Brown Recluse Fatality

This is the first case I can recall involving paralysis because the spine was directly involved. The location of the bite was obviously a factor. Most recluse bites are not serious; in fact, only around 20% become medically serious at all. It's the few gruesome cases like this that make the news. 

Thanks to Bob Z. for the news tip. 
Fla. Man Dies From Brown Recluse Spider Bite - Yahoo: ""It bit him right on the back of his neck and rotted out to the vertebrae," Bill Reese told WFTS. "He wasn't afraid of anything. He thought he was invincible. But he wasn't.""

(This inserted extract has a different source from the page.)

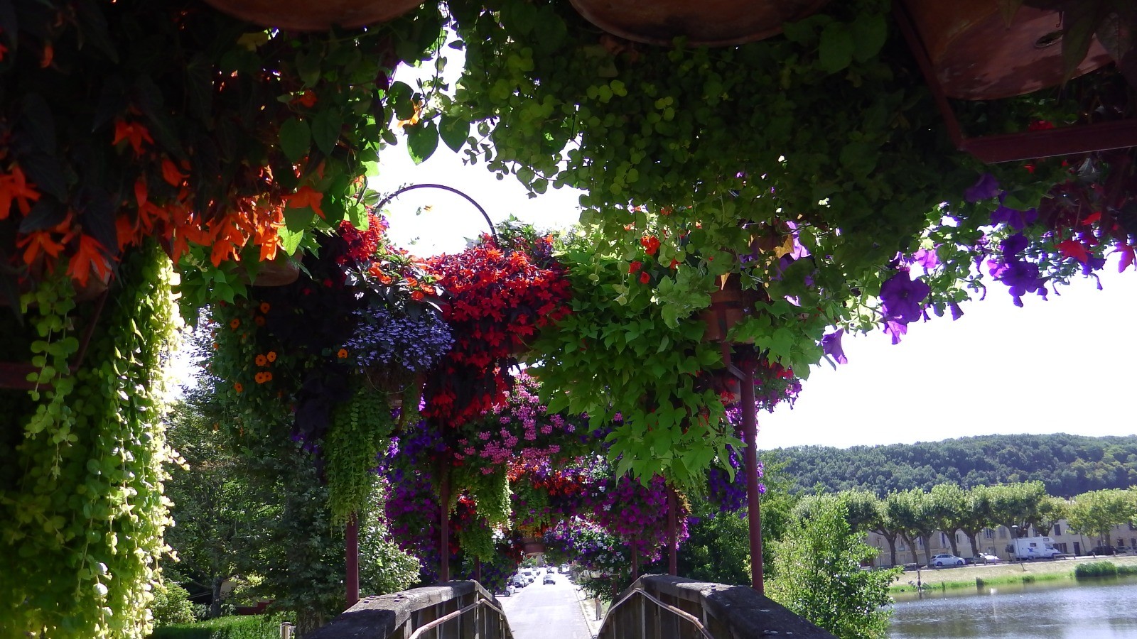 Le chemin de halage du canal nous ramène tranquillement au port avec sa belle passerelle bien fleurie qui débouche sur le parking.

  1. I already have a hard time convincing coworkers recluse are not native and do not have an established population in FL. Wandering male southern house spiders do not help :-/

    1. This is definitely outside the usual range of L. reclusa. It would be helpful to know how the bite was diagnosed; doctors often diagnose without sufficient knowledge of the spider. Many "recluse bites" turn out to be something else altogether.

    2. Exactly... We can get them in FL but they just don't establish. They are more common on the west coast due to retirees moving down south on I75 as opposed to New England retirees settling on I95. They stash away in moving boxes and may last a few seasons. My suspicion is that some part of their life cycle does not deal with high humidity well which seems uncommon for an invertebrate.

    3. Interesting. I accidentally transported a lot of them from Oklahoma to Wisconsin in boxes a few years ago when I moved, but saw no evidence of them surviving. In that case, I assume the cold winter made a difference.